Sir, – Wednesday was World Aids day, 40 years after the HIV virus was first discovered as the etiologic cause of Aids.
In Ireland, the lifelong ban on gay, bisexual and men who have sex with men giving blood (a ban which was first introduced in countries after 1981) was lifted in 2017. In effect, this meant that gay, bisexual and men who have sex with men could qualify as blood donors – but only after abstaining from any sexual contact for one year. The same criteria does not apply to heterosexual donors.
In the UK in June of this year, a new policy was implemented allowing gay, bisexual and men who have sex with men to give blood – without any period of abstaining. The UK thus became one of 25 countries with no deferral period.
Two weeks after the law in the UK changed, the Irish Blood Transfusion Service (IBTS), because of a current shortage of blood, announced it was importing a bulk consignment of blood from the UK.
This imported blood came to the aid of an Irish health service affected not only by shortening blood supplies, but by the vagaries of another fatal virus.
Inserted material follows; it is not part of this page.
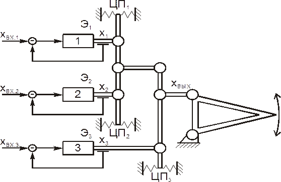 Принцип построения системы резервированного привода с суммированием перемещений выходных звеньев исполнительных механизмов показан на рис.3.1.

It also, presumably, came from British men who were able to give blood unrestrictedly because of the change in the law.
As a gay citizen of this country, I believe the current approach to blood donation prejudicial, that an evidence-based, individualised assessment of sexual behavioural patterns replace what is an outmoded grouping together of communities based upon the presumption of sexual promiscuity.
Given the very real possibility of further blood shortages both now and in the future, I call upon the Government to reassess the current abstention clause immediately.